That's a good point. I can only imagine how it would be losing two dogs very close together. Losing one is difficult enough. I'm very sorry you had to go through that. I appreciate the advice.


----------



## Franksmom

Each time we add a new puppy the next dog in age has been roughly 3-4 years old and well trained, we usually have 3 dogs at a time, Frank is 8months and really plays well and best friends I guess you would say with my 4 year old border collie Indy,
When we brought Indy home as a pup what surprised me was the dog he played with the most and seemed to be closest too was not the dog next in age to him (King who was 3 at the time) but his best buddy was Molly our 7 year old lab/Bc mix.


----------



## MaggieRoseLee

I'm with everyone else saying TWO at the same time isn't a good idea. I like about a 5 yr split myself.

More good specific information is on the following sites:

http://www.uvhs.org/behavioral_docs/double_trouble.pdf

http://www.doglistener.co.uk/choosing/siblings.shtml

Raising 2 pups at one time in a Family Setting


----------



## MonsterMylo

We lost both our babies this year - a GSD and a SibHusky - felt like our world just imploded & exploded all at once. They were 6 months apart and both 14 years old. RIP my darling fluffy bubs!!! Now we have a 11 month old GSD and it honestly feels like our house has a permanent whirling tornado!!! I've wondered whether it was better for our bub to have a brother or sister but our vet recommended we wait a few years. I understand that's better for us but wondered if it was good for bub too. I totally get your point though and probably the wisest idea - losing both nearly killed us!


----------



## MaggieRoseLee

MonsterMylo said:


> We lost both our babies this year - a GSD and a SibHusky - felt like our world just imploded & exploded all at once. They were 6 months apart and both 14 years old. RIP my darling fluffy bubs!!! Now we have a 11 month old GSD and it honestly feels like our house has a permanent whirling tornado!!! I've wondered whether it was better for our bub to have a brother or sister but our vet recommended we wait a few years. I understand that's better for us but wondered if it was good for bub too. I totally get your point though and probably the wisest idea - losing both nearly killed us!


So sorry for your loss but you brought up exactly the reasons why I feel it's best to split up the ages of my dogs!
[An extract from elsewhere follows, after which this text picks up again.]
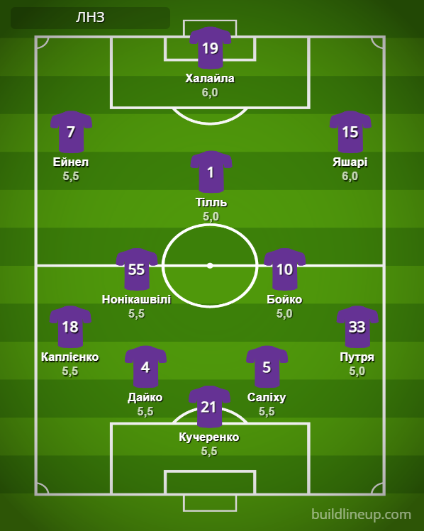 ЛНЗ: Кучеренко – Каплиенко (Г. Пасич, 73), Дайко, Салиху, Путря – Ноникашвили, Тилль, Бойко (Олейник, 62) – Эйнел (Авагимян, 62), Халайла (Момо, 74), Яшари.

My dogs bond with ME and I have tons of friends with dogs and go out to so many fun dog classes that my dogs meet many dogs all the time. So it's a blessing to have the one on one time with each dog the first few years before adding the next. Because as you see, a puppy is a HUGE time sucker and it's such an advantage TO THEM if you are able to have them be the individual center of your world for a few years.


----------